The SIF format specifies nodes and interactions only, while other formats store additional information about network layout and allow network data exchange with a variety of other network programs and data sources.

12.5.1.5.3 Visualization

Substantial progress has been made in the field of “omics” research (e.g., genomics, transcriptomics, proteomics, and metabolomics), leading to a vast amount of biological data generation. In order to represent large biological data sets in an easily interpretable manner, this information is frequently visualized as graphs, i.e., a set of nodes and edges. Cytoscape assists in visual exploration and analysis of biological network in several ways:

• Provides customize network data display using powerful visual styles.

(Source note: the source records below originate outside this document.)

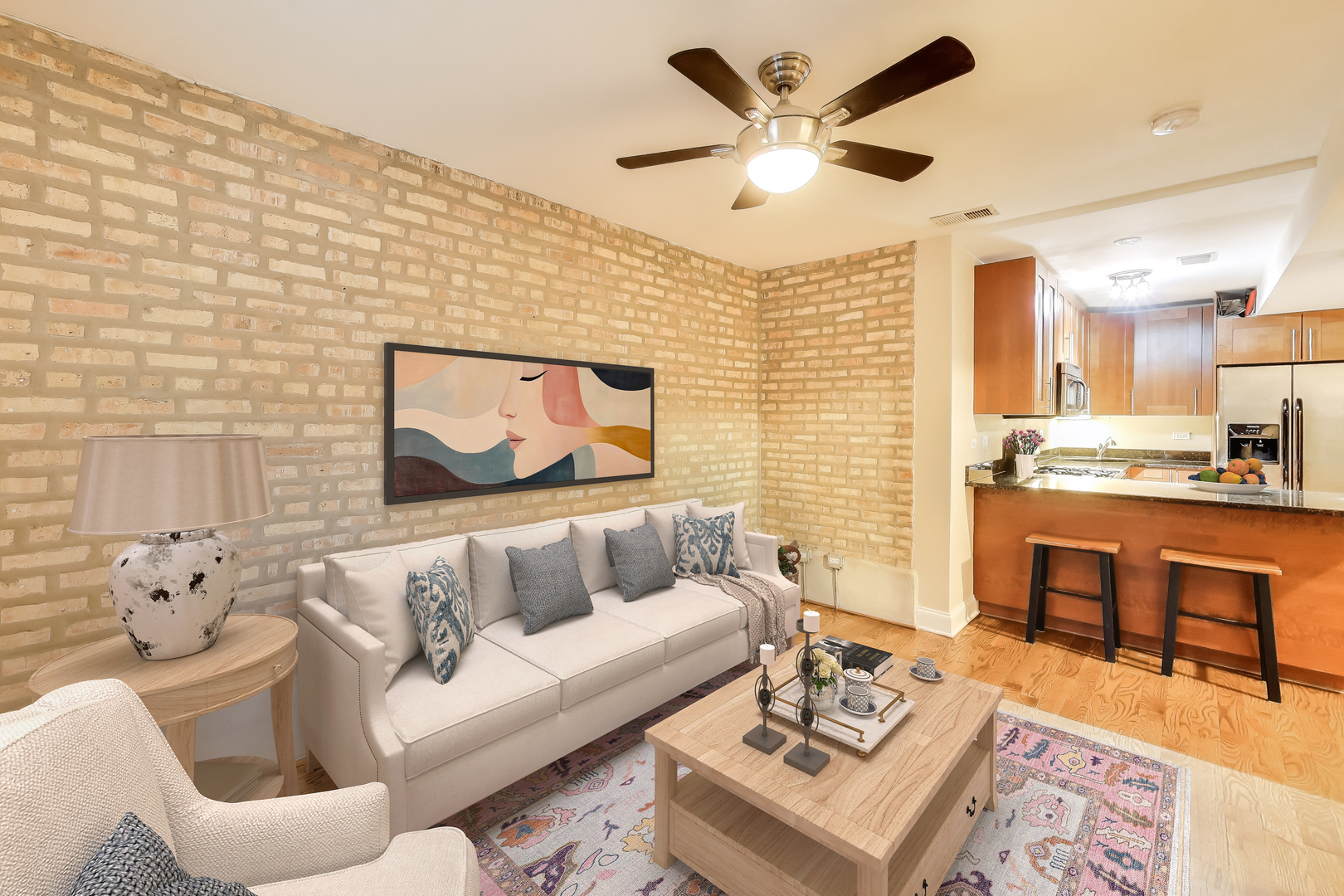 Beautifully maintained first-floor, ground-level condo just blocks from the stunning shores of Lake Michigan. This move-in ready 2-bedroom, 1-bath home features custom-stained hardwood floors, exposed brick accents, and an inviting open-concept layout that seamlessly connects the foyer, kitchen, breakfast bar, and living room. The spacious living area offers warm hardwood floors and exposed brick, while the updated kitchen includes granite countertops, stainless steel appliances, and a convenient breakfast bar for casual dining. The generously sized bathroom features a large soaking tub. The second bedroom is perfect as a guest room, office, or flex space. Enjoy the convenience of in-unit laundry, plus additional storage outside the unit. Major mechanicals have been updated, including a new furnace and A/C in 2023. Ideally located near Loyola University, with quick access to Northwestern University, the Red Line, Jarvis Square dining and shops, and Lakeshore Drive for an easy commute downtown. Street parking is plentiful, and rental parking options are available nearby. Investor-friendly-rentals allowed.
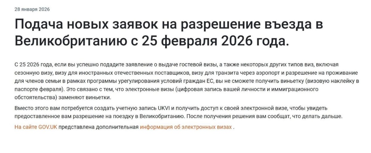 С 25 февраля 2026 года Великобритания начнёт выдавать eVisa вместо традиционных наклеек в паспорт по ряду категорий виз. В этом списке: 🔹Гостевые визы (выдаются в том числе туристам) 🔹Сезонные визы 🔹Визы для иностранных домашних работников 🔹Визы для транзита через аэропорт 🔹Разрешения для членов семьи в рамках программы урегулирования статуса граждан ЕС (EU Settlement Scheme) Что нужно будет делать заявителям? После одобрения визы необходимо создать учетную запись UKVI, через которую можно получить доступ к своей eVisa, проверить условия разрешения на поездку в Великобританию. ❗️ Важный нюанс: Посещение визового центра для сдачи биометрии остаётся обязательным требованием. Что делать, если виза уже есть? Владельцы действующих виз могут создать аккаунт UKVI и привязать к нему свой статус. Через личный кабинет также можно сгенерировать share-код, чтобы доказать свой иммиграционный статус (например, авиакомпании при регистрации). Этот код действителен в течение 90 дней, и для его пол
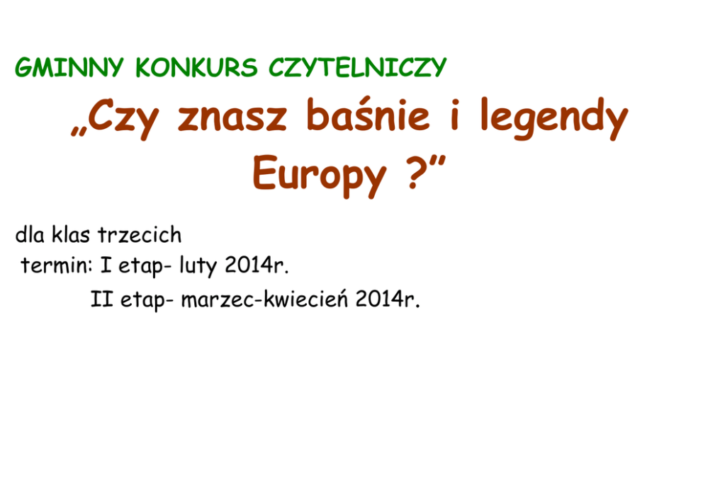 GMINNY KONKURS CZYTELNICZY „Czy znasz baśnie i legendy Europy ?” dla klas trzecich termin: I etap- luty 2014r. II etap- marzec-kwiecień 2014r. BIBLIOTECZNY KONKURS PLASTYCZNY „ Przysłowia mądrością narodu” - zilustruj przysłowie o niebie dla klas czwartych, piątych i szóstych termin: październik 2013r. międzyszkolnych konkursach czytelniczych Udział w organizowanych przez inne szkoły i biblioteki dla klas I – III i IV - VI termin: w ciągu roku szkolnego

• Helps in integrating gene expression values with the network. This can be done by mapping expression values to network nodes which represent the gene as color, label, border thickness, etc. according to the user-defined mapping file and provide several layout options in two as well as three dimensions for network visualization, for example, edge-weighted spring-embedded layout, attribute circle layout, etc.

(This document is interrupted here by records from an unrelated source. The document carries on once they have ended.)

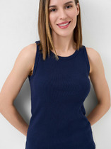 Топ выполнен из трикотажа в широкий рубчик. Эластичный хлопковый трикотаж сидит по фигуре, не сковывает движений и очень комфортный в носке. Фактура вертикальных полос визуально стройнит и вытягивает силуэт. Базовое изделие хорошо впишется в любой гардероб. Идеально подходит для многослойных образов.
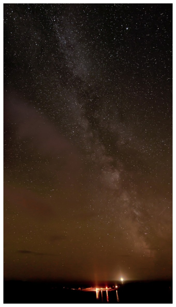 A spectacular view into the galaxies over Roaringwater Bay, West Cork, – with the terrestrial lights of Long Island and the Fastnet Lighthouse….
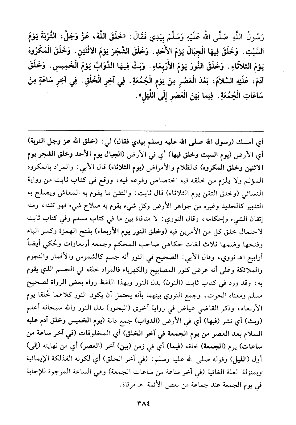 رَسُولُ اللهِ صَلَّى اللَّه عَلَيهِ وَسَلَّمَ بِيَدِي فَقَالَ: "خَلَقَ اللهُ، عَز وَجَلَّ، التُّرْبَةَ يَوْمَ السَّبْتِ. وَخَلَقَ فِيهَا الْجبَالَ يَوْمَ الأَحَدِ. وَخَلَقَ الشَّجَرَ يَوْمَ الاثْنَينِ. وَخَلَقَ الْمَكْرُوهَ يَوْمَ الثلَاثاءِ. وَخَلَقَ النُّورَ يَوْمَ الأَرْبِعَاءِ. وَبَثَّ فِيهَا الدُّوَابَّ يَوْمَ الْخَمِيسِ. وَخَلَقَ آدَمَ، عَلَيهِ السَّلَامُ، بَعْدَ الْعَصْرِ مِنْ يَوْمِ الْجُمُعَةِ. في آخِرِ الْخَلْقِ. في آخِرِ سَاعَةٍ مِنْ سَاعَاتِ الْجُمُعَةِ. فِيَما بَينَ الْعَصْرِ إِلَى اللَّيْلِ"
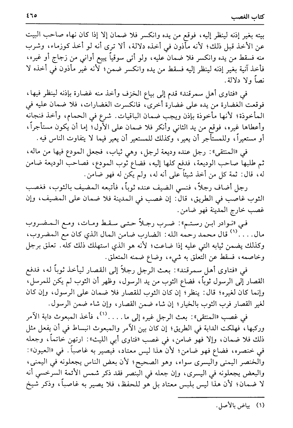 بيته بغير إذنه لينظر إليه، فوقع من يده وانكسر فلا ضمان إلا إذا كان نهاه صاحب البيت عن الأخذ قبل ذلك؛ لأنه مأذون في أخذه دلالة، ألا ترى أنه لو أخذ كوزماء، وشرب منه فسقط من يده وانكسر فلا ضمان عليه، ولو أتى سوقياً يبيع أواني من زجاج أو غيره، فأخذ آنية بغير إذنه لينظر إليه فسقط من يده وانكسر ضمن؛ لأنه غير مأذون في أخذه لا نصاً ولا دلالة.

• The network manager can be utilized to manage multiple networks in a single session file. Easily navigate large networks through an efficient rendering engine.

12.5.1.5.4 Analysis

• Filter the network to select subsets of nodes and/or interactions based on the current data. For instance, users may select nodes involved in a threshold number of interactions, nodes that share a particular GO annotation, or nodes whose gene expression levels change significantly in one or more conditions according to p-values loaded with the gene expression data.

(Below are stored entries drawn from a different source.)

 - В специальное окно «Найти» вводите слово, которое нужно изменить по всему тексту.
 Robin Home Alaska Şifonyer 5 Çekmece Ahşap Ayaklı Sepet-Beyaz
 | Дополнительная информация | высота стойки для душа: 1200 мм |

• Find active sub-networks/pathway modules. The network is screened against gene expression data to identify connected sets of interactions, i.e., interaction sub-networks, whose genes show particularly high levels of differential expression. The interactions contained in each sub-network provide hypotheses for the regulatory and signaling interactions in control of the observed expression changes.

• Find clusters (highly interconnected regions) in any network loaded into Cytoscape. Depending on the type of network, clusters may mean different things. For instance, clusters in a protein-protein interaction network have been shown to be protein complexes and parts of pathways. Clusters in a protein similarity network represent protein families.

• Plugins available for network and molecular profile analysis .

12.6 Conclusion

Complex biological networks are the reservoir for the plethora of biological information about pathways and cellular mechanisms. This chapter summarized different types of biological networks, methodologies to analyze such networks and biological relevance. These networks can provide researchers with critical information about the pathogenesis of diseases (disease-gene networks), identification of drug targets (protein-protein networks, protein-ligand interaction), and biological pathways. Functional and pathway analysis of genes (gene ontology) determine significant gene clusters associated with a specific biological process, molecular function or pathway. This chapter succinctly provides relevant information about the applications of biological networks in the molecular biology field. Our hope is that the tutorials provided in this chapter will guide researchers to annotate genes on gene products and enrich GO annotation both qualitatively and quantitatively on the available tools.